I don’t think I ever thanked you. I was glad you came over to my house.
By the time the sun had set, and the stars glistened across the sky, Frank’s breaths had become slower, more consistent.
“Are you ready to talk about it now?” Primrose asked, being careful of Frank’s fragile situation.
“No, I’d rather talk about something else,” He replied quietly.
“Did you ever get those letters I sent you?” He asked, looking straight into Primrose’s confident eyes. She always seemed to know what she was doing, the certainty shown through every aspect of her.
“Yes, why,” she responded.
“You never wrote back.”
“I didn’t think I needed to.” Primrose twisted the silver ring on her finger, a nervous habit.
“Why not?” he countered, a puzzled expression scrawled across his face.

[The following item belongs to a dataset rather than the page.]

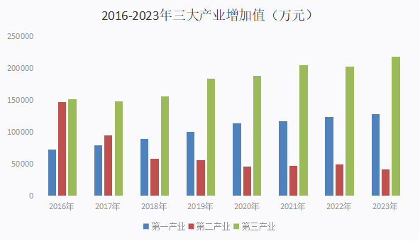 三次產(chǎn)業(yè)結(jié)構(gòu)比從2022年的32.8:13.2:54調(diào)整為32.9:10.8:56.3,第一產(chǎn)業(yè)保持相對(duì)平穩(wěn)的結(jié)構(gòu),第二產(chǎn)業(yè)下調(diào)2.4個(gè)百分點(diǎn),第三產(chǎn)業(yè)上升2.3個(gè)百分點(diǎn)。
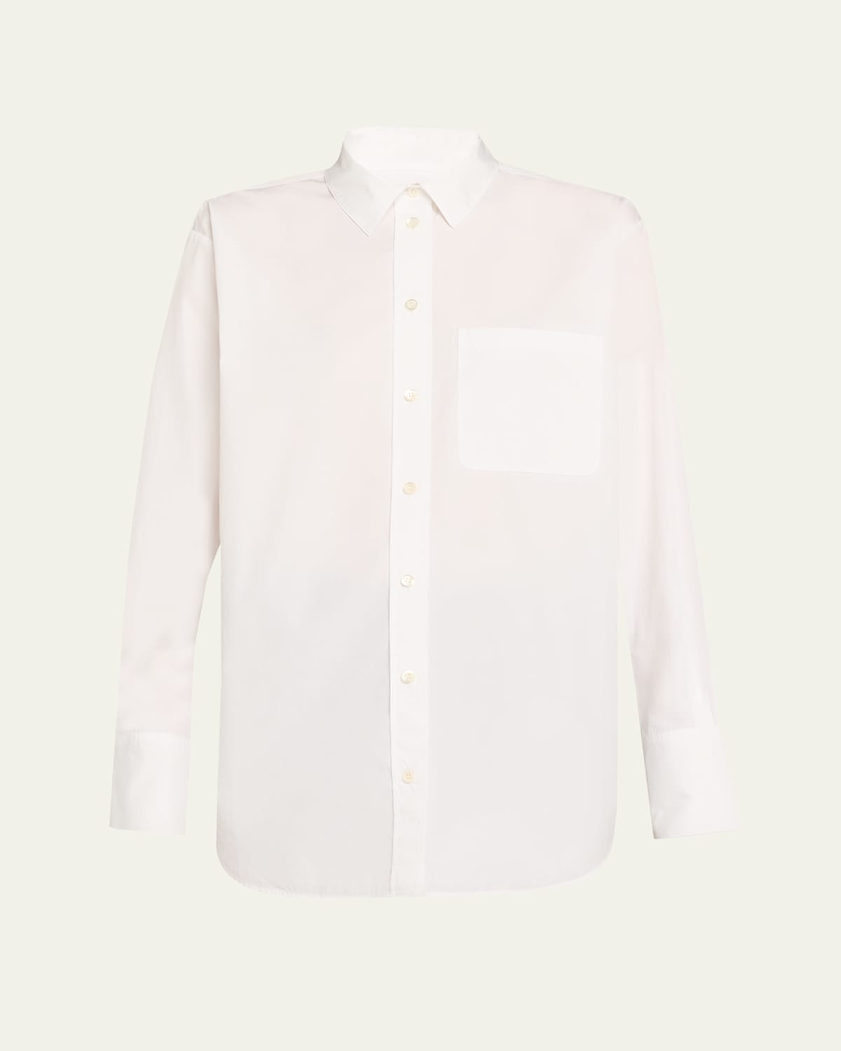 FRAME "The Boy Shirt" in crisp cotton poplin Point collar Long sleeves with button cuffs Chest pocket Relaxed, oversized fit Hem falls to the hip Buttonfront Cotton Machine wash cold Imported

“I was going to respond after you sent me the first letter, but once I figured out what I was going to say, another one came in the mail. And that’s when I realized,” she paused, “I realized that these letters weren’t for me, they were for you. They were helping you cope with your family drama. I didn’t want to mess it up. So, I simply sat back and read the letters you sent me. They are beautifully worded, by the way. You have a real knack for writing.”
Frank blushed at the compliment, “How do you handle it?”
“What do you mean?” Primrose was startled by the sudden change of topic.
“I rely on my chosen family,” she smiled, but worry was etched between every crevasse in her face, “My friends are the only thing that are always here, even when the rest of my world is being swept away. They ground me.”
“I’m going to need you,” he leaned his head on Primrose’s shoulder.